Like the animal they’re named for, there’s no honor in kicking ass. All you’re lifting is your leg, after all – how hard can it be?
And who wants to do an exercise in naming a bucktoothed donkey in a straw hat, usually depicted as a mount for someone’s little sidekick?
But hold on, partner: Like that sidekick, ass-kicking is an underappreciated workhorse.
They fire up lazy muscles, improve mobility and ensure long-term health of your weakest joints.
Here’s how to do the ass kick right.
How to do the donkey kick exercise
- Get down on all-fours, with your hands directly under your shoulders and knees directly under your hips. Your back should be flat, your neck neutral.
- With your arms straight, core engaged and knees bent 90 degrees, lift your right knee off the floor and press the sole of your right foot toward the ceiling. Squeeze your right glute (butt muscle) as hard as you can at the top of the movement.
- Reverse the move, lowering your right knee to the starting position.
- Repeat for the prescribed number of repetitions, ensuring an equal number of repetitions with each leg.
Form tip while kicking ass
The most common mistake made when doing donkey kicks is putting stress on the spine in an attempt to lift the lifted leg.
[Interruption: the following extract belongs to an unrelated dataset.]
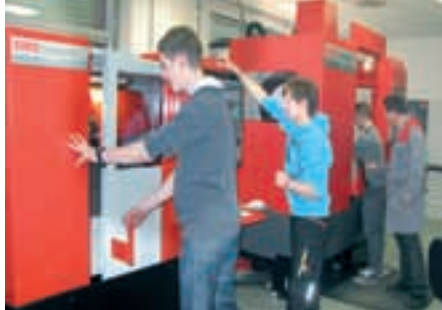
STROJNIŠTVA oblikovalec kovin-orođjar, inštalater strojnih inštalacij, pomočnik v tehnoloških procesih, strojni tehnik in strojni tehnik (pti)

Starši so danes zelo obremenjeni, na eni strani z ohranitvijo lastne zaposlitve, na drugi strani pa s prihodnostjo svojih otrok. Vsi si želimo, da bi bili naši otroci uspešni, zadovoljni, da bi dosegli čim višjo stopnjo izobrazbe in bili s tem dobro materialno preskrbljeni. Tisti, ki bolj sledimo tokovom izobraževanja in zaposlovanja, vidimo, da danes to ne drži več, saj je brez zaposlitve vse več akademsko izobraženih mladih ljudi, ki so v študij vložili ogromno časa in truda, po drugi strani pa primanjkuje ljudi s poklicnimi znanji in sposobnostmi, od katerih je odvisno naše vsakodnevno življenje. To so poklici, ki bodo že jutri našim otrokom zagotavljali zaposlitev, dober življenjski standard in spoštovanje. Starši imamo svoje ambicije, ki smo jih uresničili, ali pa ne. Otroci imajo svoje ambicije in starši bi jim morali dovoliti, da jih uresničijo, jih spodbujati pri njihovih poklicnih odločitvah in jim trdno stati ob strani, četudi bodo morda včasih drugačne od njihovih. Dejstvo je, da je vsak posameznik sposoben velikih dosežkov, le odkriti mora, na katerem področju je najmočnejši. Izbira prave srednje šole je torej odločilnega pomena za prihodnost vsakega učenca. V Šolskem centru Škofja Loka edini na Gorenjskem izobražujemo za deficitarne poklice s področij:

It’s not necessary: the target muscles are the glutes — not the lower back — so you don’t have to lift your legs so that you’re arching your back excessively.
Test this tendency by squeezing your abs tightly as you move to the top of the movement.
Variation on kicking ass
Once you’ve got the base down, build it up with any of these options.
1. Double-leg donkey kick (mule kick)
This two-legged version, detailed here, requires additional explosiveness and athleticism.
2. Straight-leg ass kick
Start with your legs extended straight behind you, toes pointing toward the floor instead of up.
3. Pilates leg kick
A similar exercise, performed in the prone (facedown) position, where you curl your ankle upwards and lift your leg.
4. Resistance bands kick ass
The base move is performed with a band around your thigh, which provides additional resistance to the lifting leg.
5. Round ass kick
Base move, but instead of lowering your leg after lifting it, you rotate your thigh as far as possible to help mobilize your hip joint in all three planes of motion.
6. Kick weighted ass
Base move performed with ankle weights.
Target muscles by kicking ass
“The donkey kick is so named because it mimics the animal’s signature movement,” says Beachbody’s director of fitness and nutrition content, Trevor Thiem, CSCS. “But that’s true of the creature’s nickname, it will also help you create a great sculpture… you get the idea.”
The target muscle in donkey kicks is your gluteus maximus — the largest of the butt muscles — whose primary function is to extend your hip joint (think: rising from a sitting position).
Assisted by two small gluteal muscles, Gluteus medius And minimusAnd the hamstrings — the muscles at the back of your thighs — that help the glutes extend the hips.
In addition to helping you look better from behind, strong glutes and hamstrings help support your posture, protect your lower back and knee joints, and improve your speed and power when you run, jump, and play sports.